Сравнительно недавно было опубликовано письмо Гоголя к Императору Николаю Павловичу от 18 апреля (н. ст.) 1837 г., проясняющее этот эпизод биографии писателя и свидетельствующее о его монархических убеждениях [см.: 2]. «Всемилостивейший Государь! — писал Гоголь. —
ЕК
Простите великодушно смелость Вашему бедному подданному, дерзающему возносить к Вам незнаемый голос. Находясь в чужой земле, среди людей, лишенных участия ко мне, к кому прибегну я, как не к своему Государю? Участь поэтов печальна на земле: им нет пристанища, им не прощают бедную крупицу таланта, их гонят, — но венценосные властители становились их великодушными заступниками» [1, т. 11, с. 106].
И далее: «Я болен, я в чужой земле, я не имею ничего — и молю Вашей Милости, Государь: ниспошлите мне возможность продлить бедный остаток моего существования до тех пор, пока совершу начатые мною труды и таким образом заплачу свой долг отечеству, чтобы оно не произнесло мне тяжелого и невыносимого упрека за бесполезность моего существования. Клянусь, это одна только причина, понудившая меня прибегнуть к стопам Вашим» [там же, с. 107].
Письмо написано в Риме, куда Гоголь приехал в марте 1837 г. (это было его первое посещение вечного города). Спустя три недели он сообщал В.А. Жуковскому, имея в виду работу над «Мертвыми душами»:
«Я должен продолжать мною начатый большой труд, который писать с меня взял слово Пушкин, которого мысль есть его создание и который обратился для меня с этих пор в священное завещание. Я дорожу теперь минутами моей жизни, потому что не думаю, чтобы она была долговечна, а между тем. я начинаю верить тому, что прежде считал басней, что писатели в наше время могут умирать с голоду. <...> Я думал, думал, и ничего не мог придумать лучше, как прибегнуть к Государю. Он милостив, мне памятно до гроба то внимание, которое он оказал моему Ревизору. Я написал письмо, которое прилагаю; если вы найдете его написанным как следует, будьте моим предстателем...» [там же, с. 105].
Гоголь просил Жуковского найти случай указать царю на два свои произведения — «Старосветские помещики» и «Тарас Бульба»: «Это те две счастливые повести, которые нравились совершенно всем вкусам и всем различным темпераментам. <...> Если бы их прочел Государь! Он же так расположен ко всему, где есть теплота чувств и что пишется прямо от души.» [там же, с. 106].

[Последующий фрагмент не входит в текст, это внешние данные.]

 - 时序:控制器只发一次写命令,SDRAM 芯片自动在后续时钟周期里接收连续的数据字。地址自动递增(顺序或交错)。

Письмо Гоголя было передано царю, который распорядился выслать ему через Русскую миссию 500 червонцев. Николай I помнил историю с постановкой комедии «Ревизор» на сцене Александринского театра в Петербурге [см.: 3]. По преданию, оказавшись после дорожного происшествия в уездном городе Чембаре Пензенской губернии и принимая местных чиновников, он воскликнул: «Ба! Да я вас всех знаю!» Он пояснил, что хотя первый раз в Чембаре, но знает всех по «Ревизору» Гоголя [4, с. 36].

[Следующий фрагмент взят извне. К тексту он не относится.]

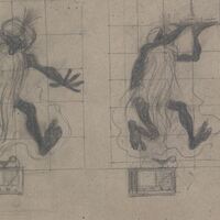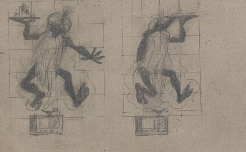 - Dibujo compuesto por dos bocetos sobre fondo cuadriculado, con dos imágenes de una radio conectada a una lámpara de donde sale la figura de un genio con forma de un mono caracterizado con una gran barba y turbante llevando en sus manos una bandeja.

Все свои книги, начиная с «Вечеров на хуторе близ Диканьки», Гоголь преподносил членам царствующего дома и самому Императору. До конца жизни он оставался убежденным монархистом. В его статье «О преподавании всеобщей истории», опубликованной в «Арабесках» (1835) и датированной им самим 1832 годом, Николай I назван «Великим Государем». Здесь же Гоголь говорит, что стремится образовать сердца юных слушателей, дабы «не изменили они своему долгу, своей вере, своей благородной чести и своей клятве — быть верными своему Отечеству и Государю» [1, т. 6, с. 284]. Именно эти строки Гоголь, по всей видимости, зачитывал И.С. Тургеневу в октябре 1851 г. в доказательство неизменности своих взглядов, вопреки обвинениям А.И. Герцена в «отступничестве». «Помнится, речь шла о необходимости строгого порядка, безусловного повиновения властям и т.п., — вспоминал Тургенев, неприязненно относившийся как к ранним статьям Гоголя в «Арабесках», так и к «Выбранным местам из переписки с друзьями». «Вот видите, — твердил Гоголь, — я и прежде всегда то же думал, точно такие же высказывал убеждения, как и теперь!.. С какой же стати упрекать меня в измене, в отступничестве...» [5, т. 3, с. 826]. «Преданность к Религии и привязанность к Отечеству и Государю» Гоголь называл «священными словами» [1, т. 6, с. 274-275].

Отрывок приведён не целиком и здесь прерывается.